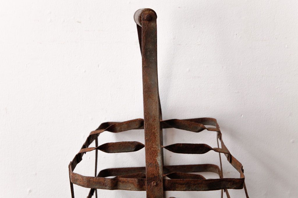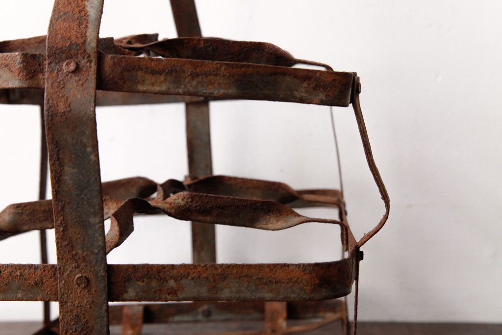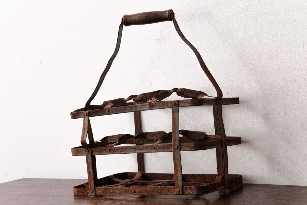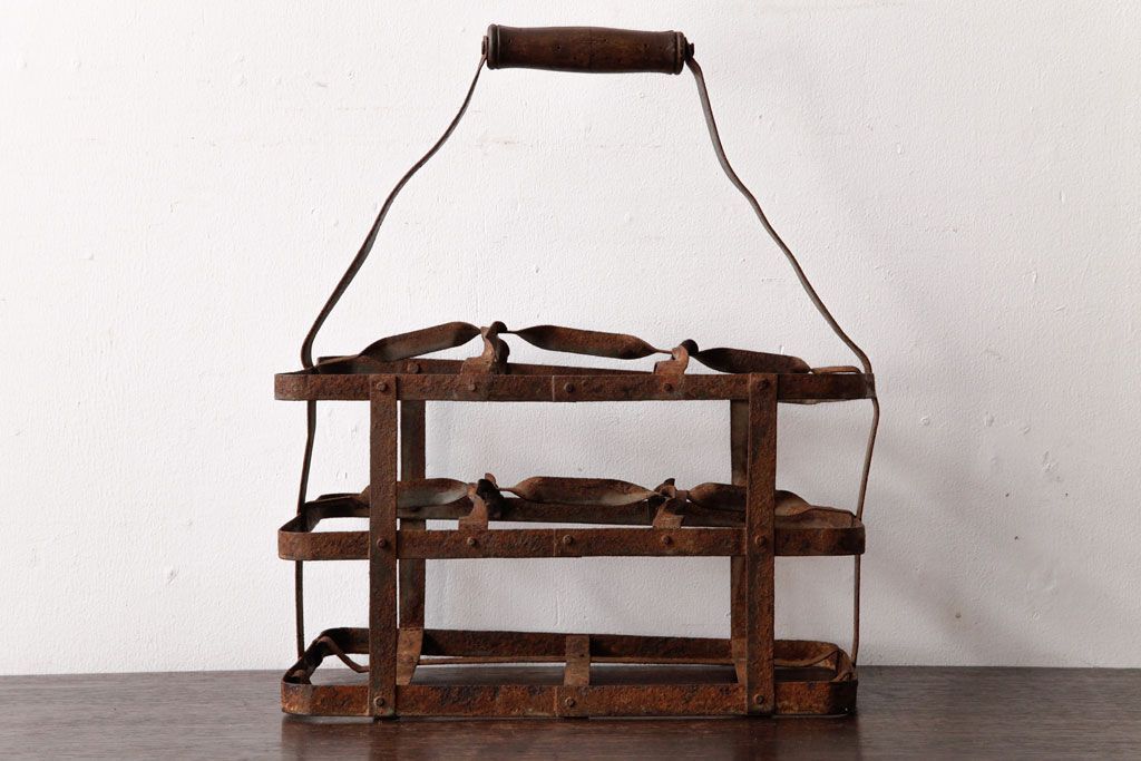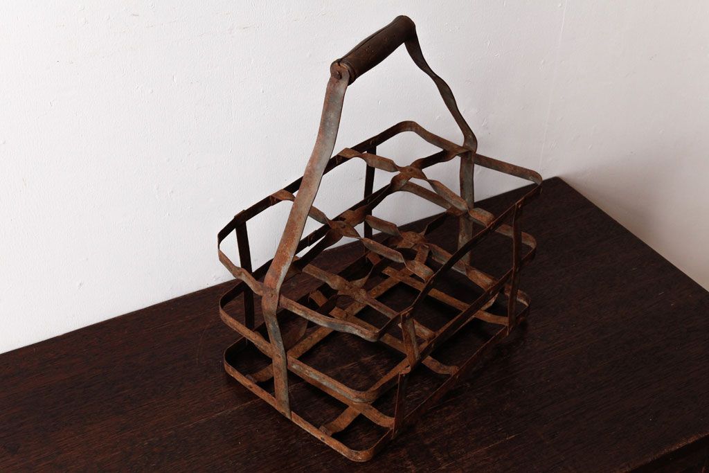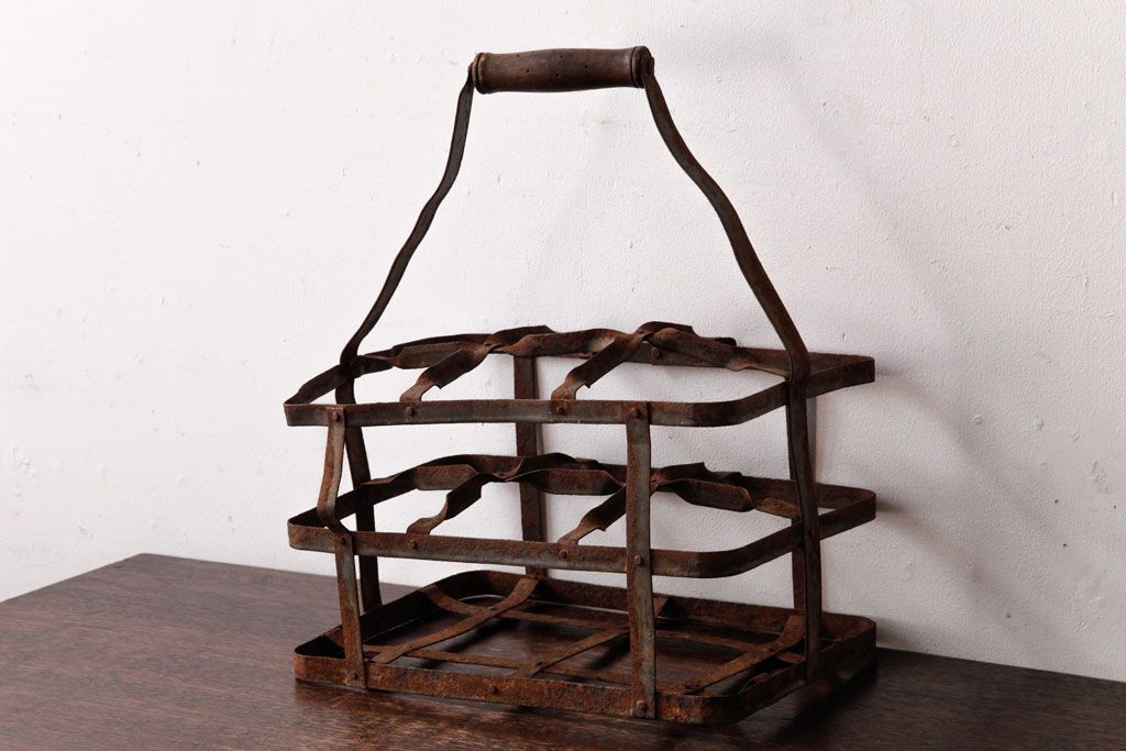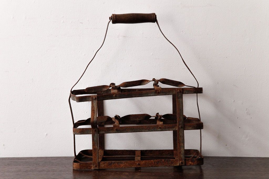 ラフジュ工房> 小物収納・トランク> バスケット > アンティーク雑貨 イギリスビンテージ 6連 ブロカントスタイルにぴったりなアイアン製ボトルラック(ボトルケース)(2)
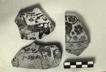 | Description: | From a round-bodied amphora with straight neck, decorated with animal bands: a) Part of base of neck; on shoulder, lion walking left. b) Lion walking right; wing of bird in front of him. c) Above, rear end of lion, left; in lower frieze, back of another animal (lion?). added purple red for lions' manes, etc.; incised rosettes in field. Attic clay, buff slip. | |
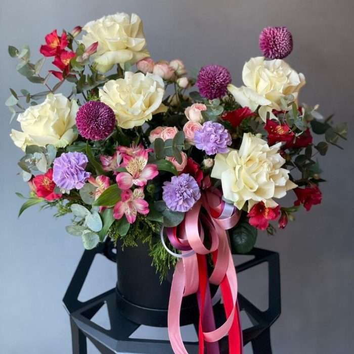 Категорий: Альстромерии, Гвоздики, Кустовые розы, Розы, Хризантемы
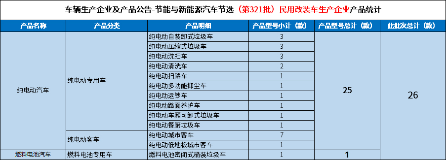 共计15个生产厂家、15个品牌、26个型号进入第321批节能与新能源汽车节选范畴,民用改装车生产企业新产品类型明细如下表所示。
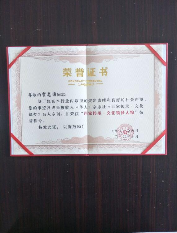 2020年4月份,贺龙国被评为江苏省书香家庭。
------------------------------------------------
Work instruction:
Return every line above verbatim, pictures excluded.

Output for this task:
 ラフジュ工房> 小物収納・トランク> バスケット > アンティーク雑貨 イギリスビンテージ 6連 ブロカントスタイルにぴったりなアイアン製ボトルラック(ボトルケース)(2)
 | Description: | From a round-bodied amphora with straight neck, decorated with animal bands: a) Part of base of neck; on shoulder, lion walking left. b) Lion walking right; wing of bird in front of him. c) Above, rear end of lion, left; in lower frieze, back of another animal (lion?). added purple red for lions' manes, etc.; incised rosettes in field. Attic clay, buff slip. | |
 Категорий: Альстромерии, Гвоздики, Кустовые розы, Розы, Хризантемы
 共计15个生产厂家、15个品牌、26个型号进入第321批节能与新能源汽车节选范畴,民用改装车生产企业新产品类型明细如下表所示。
 2020年4月份,贺龙国被评为江苏省书香家庭。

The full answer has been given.